This is a milestone report of the proposed “Text Predictor” project for Coursera’s Data Science specialization capstone course. It contains an overview of the data corpus used and a rudimentary exploration of the data.
The corpus consists of data from 3 sources, Twitter, News and Blogs.The design phase of the algorithm uses only a part of all three sources as using the whole data will be computationally expensive. A part of the data is usually enough to make reasonable predictions. Given below are the lengths of the 3 files respectively.
## [1] 2360148
## [1] 77259
## [1] 899288
The features of the three files are shown below. This exploration of the data uses only a part of the data i.e. 500 lines from each file. The 3 tables given below show a list of the most frequently occurring words in the text corpus. The graphs below show the words with the highest frequencies(>10)

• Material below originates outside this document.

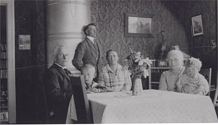 Victor Ahlskog med fam. + svärföräldrar, Irenes far, Fjalar Ahlskog, Viktor Ahlskog, Irene Ahlskog f. Finne, Irenes mor och okänd.

The word cloud at the bottom shows a pictorial respresentation of the words and their frequencies. The words in larger sizes are more frequent that the words in smaller sizes.
## # A tibble: 1,714 x 2
## word n
## <chr> <int>
## 1 day 29
## 2 love 27
## 3 rt 22
## 4 night 14
## 5 hey 13
## 6 time 13
## 7 tonight 12
## 8 follow 10
## 9 bad 8
## 10 guys 8
## # ... with 1,704 more rows
## # A tibble: 4,464 x 2
## word n
## <chr> <int>
## 1 ts 40
## 2 time 31
## 3 people 26
## 4 police 24
## 5 school 24
## 6 city 18
## 7 day 18
## 8 home 18
## 9 million 18
## 10 county 17
## # ... with 4,454 more rows
## # A tibble: 4,768 x 2
## word n
## <chr> <int>
## 1 ts 102
## 2 time 72
## 3 tt 72
## 4 day 43
## 5 ia 34
## 6 people 31
## 7 ita 23
## 8 water 23
## 9 dona 19
## 10 lot 19
## # ... with 4,758 more rows
The next upcoming goal of this project is to explore the words that are not as frequent. They enable us to gain more information than the frequent words. The next logical step would be to build a model for prediction.